Surgical treatment in one for Hirschsprung’s disease in patients with or without previous surgical procedure

Jiménez-Urueta PS, Alvarado-García R, Gallego-Grijalva JE, Mondragón-García J

Language: Spanish
References: 20
Page: 351-354
PDF size: 77.40 Kb.


ABSTRACT

Introduction: The principal feature of Hirschsprung disease is the absence of relaxation in the aganglionic segment. Currently, surgery can be performed during the neonatal period.
Material and methods: We included patients from January 2000 to June 2004 who underwent endorrectal transanal pull-through. Diagnosis was confirmed before surgery by histopathologic analysis.
Results: We included 10 patients, ages 1-17 years. Half were female, and one patient also had Down syndrome. Another two had had previous surgeries. Seven patients presented a classical segment, two with short segments and one with a long segment. Evacuations began at an average of 4 days after the procedure.
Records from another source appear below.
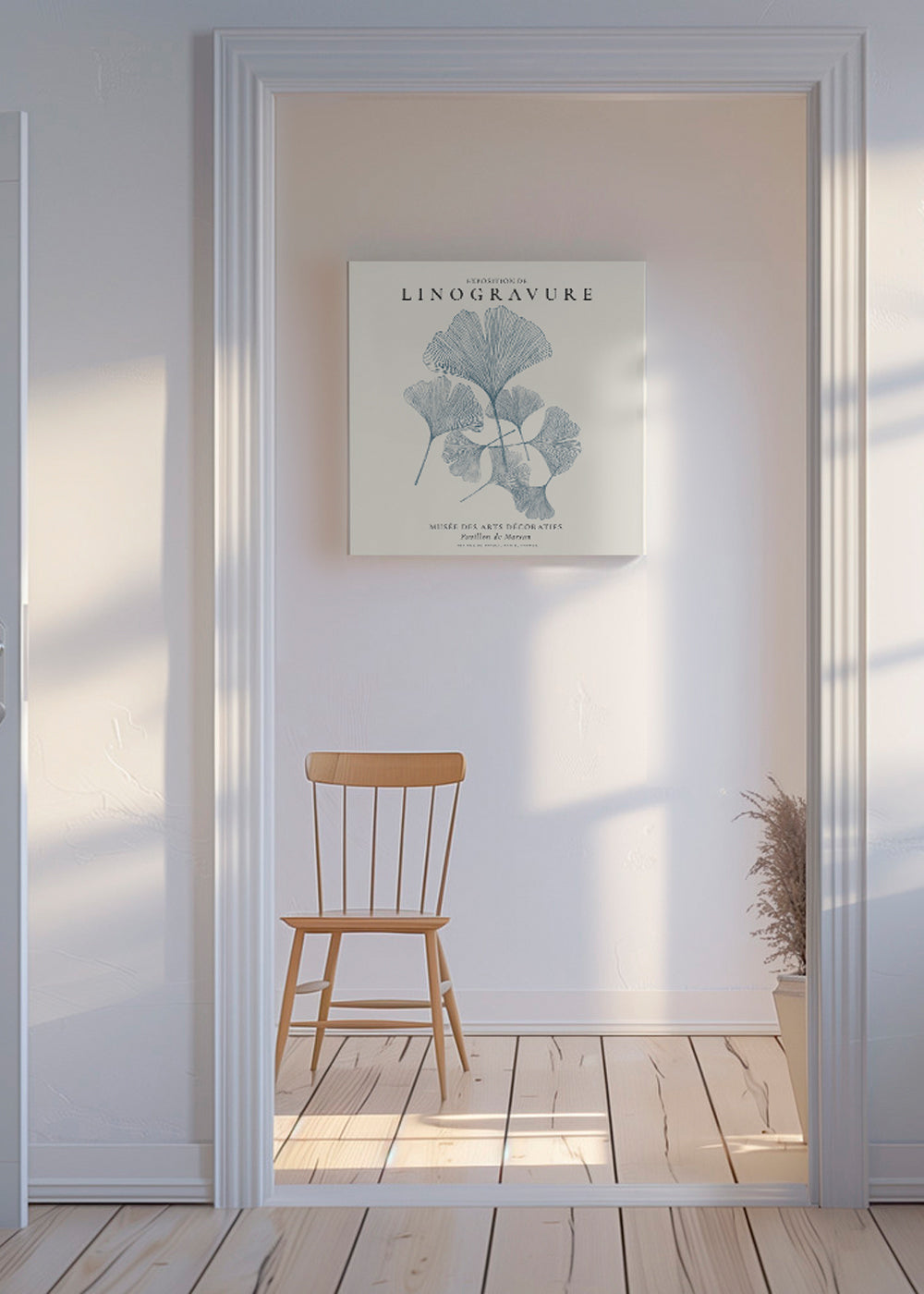 Scandinavian wall art Exposition de linogravure, Ginkgo leaves - SQUARE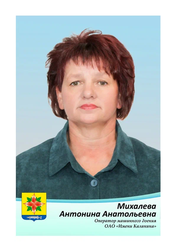 В хозяйстве ОАО «Имени Калинина» Антонина Анатольевна Михалева зарекомендовала себя как ответственный работник, добросовестно относящийся ко всем своим обязанностям. Добивается высоких показателей, внося весомый вклад в развитие сельского хозяйства. Постоянно совершенствует свои знания и опыт и в настоящее время является первоклассным специалистом. Строго соблюдает правила машинного доения коров. За годы работы не имеет нарушений трудовой и технологической дисциплины, замечаний от руководства организации.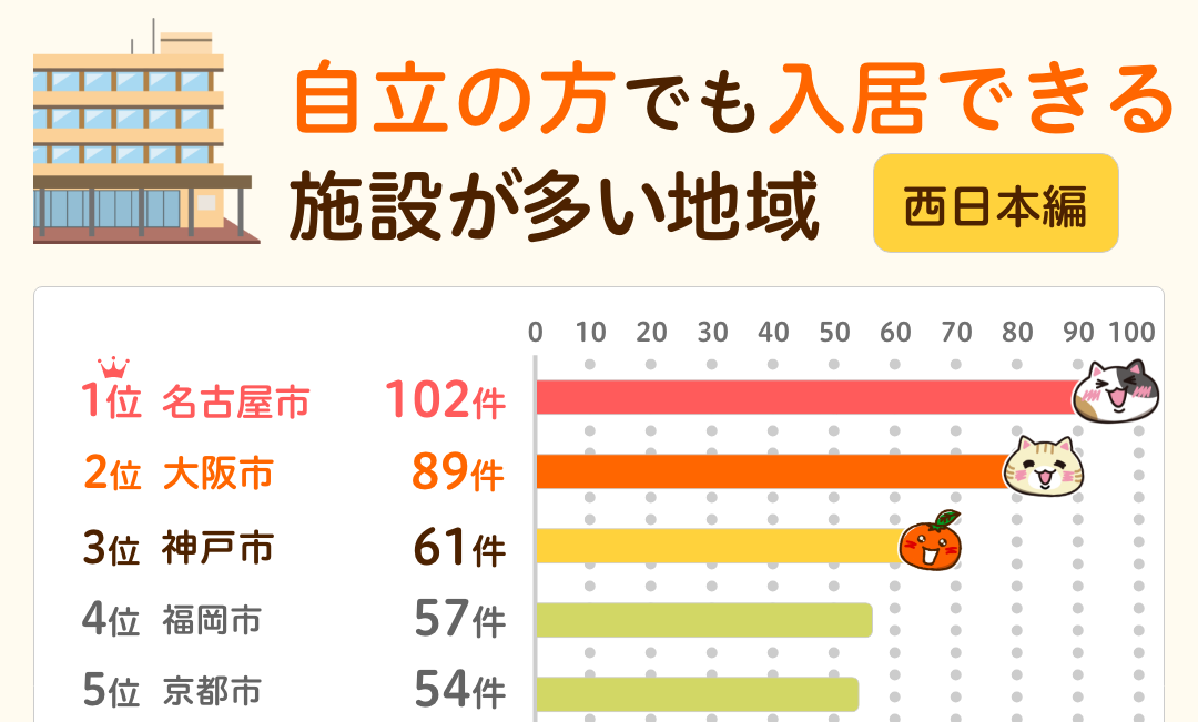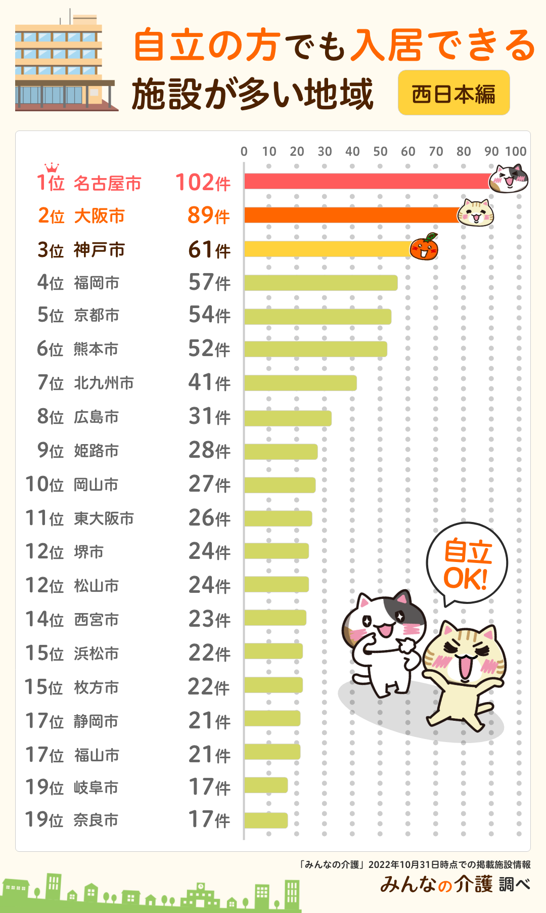 - 算出方法:西日本(静岡・愛知・岐阜・富山・石川・福井・大阪・京都・兵庫・奈良・三重・滋賀・和歌山・岡山・鳥取・島根・広島・山口・香川・徳島・愛媛・高知・福岡・佐賀・長崎・大分・熊本・鹿児島・沖縄)に所在する、自立の方でも入れる介護施設数を算出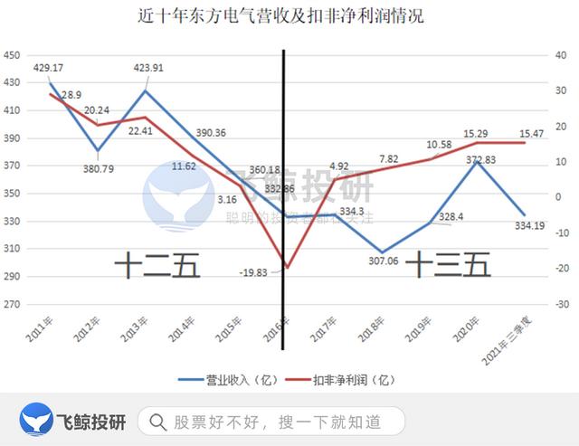 2011年—2015年(十二五期间):随着全球能源变革,煤电设备需求逐步萎缩,此后,日本地震导致福岛核泄漏,核电订单骤减,国际国内形势持续低迷,从而致使东方电气持续亏损,扣非净利润大幅下降,甚至在2016年出现负值。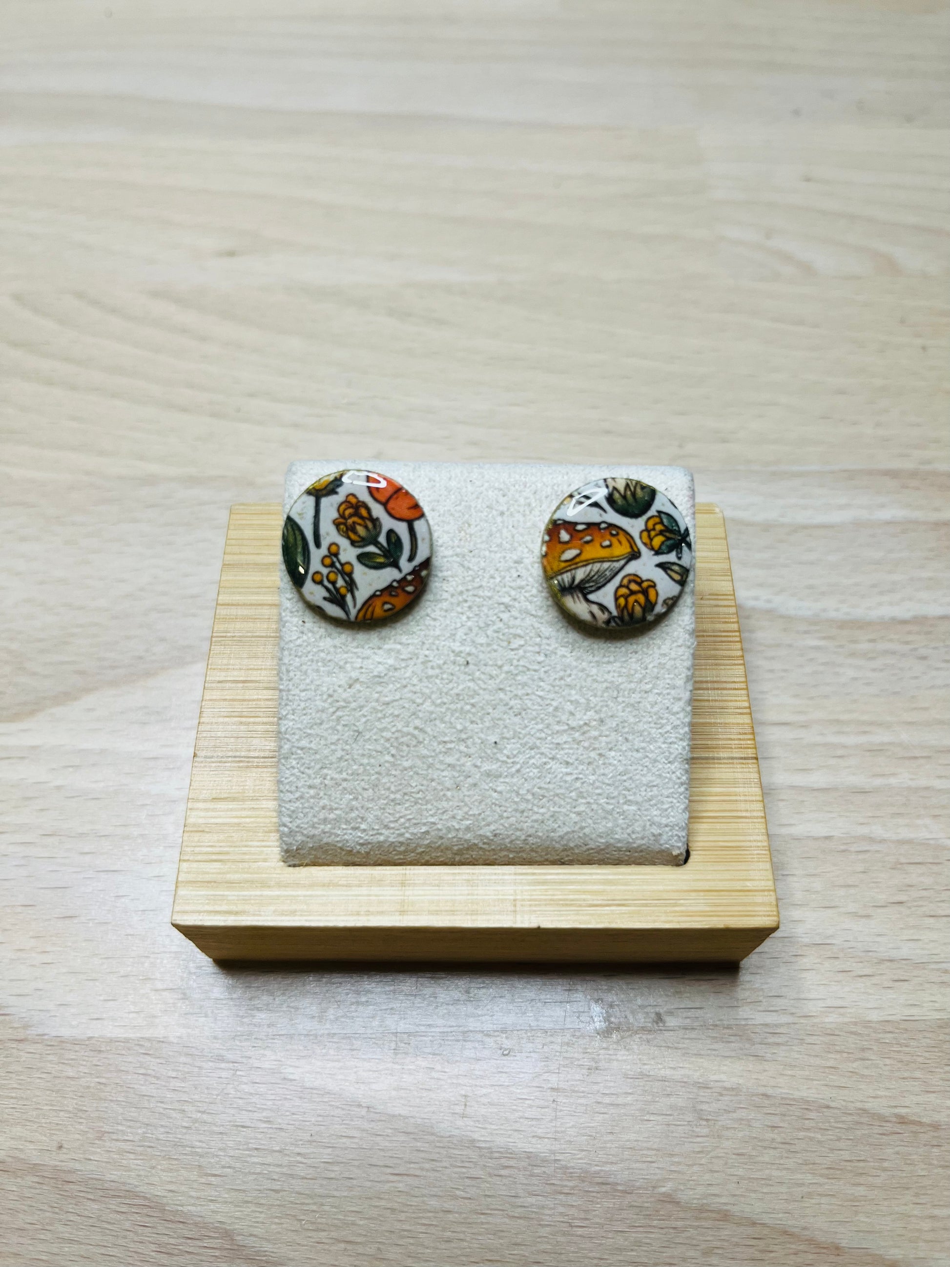 Matériau : argile polymère, finition en résine, clous d'oreille en acier inoxydable.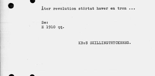 //// ^^ Åter revolution störtat haver en tron //// Se: //// E 1910 q.q. //// KB:S SKILLINGTRYCKSREG. //// » ////

One patient had dehiscence of the anastomosis, two patients had anal spasm and anal lesions, and one patient presented intestinal obstruction secondary to anal stenosis. Evacuations normalized 2 weeks post-surgery.
Conclusion: Abdominal vascular dissection and transanal resection of the affected segment with coloanal anastomosis is a good surgical option compared to other surgical techniques.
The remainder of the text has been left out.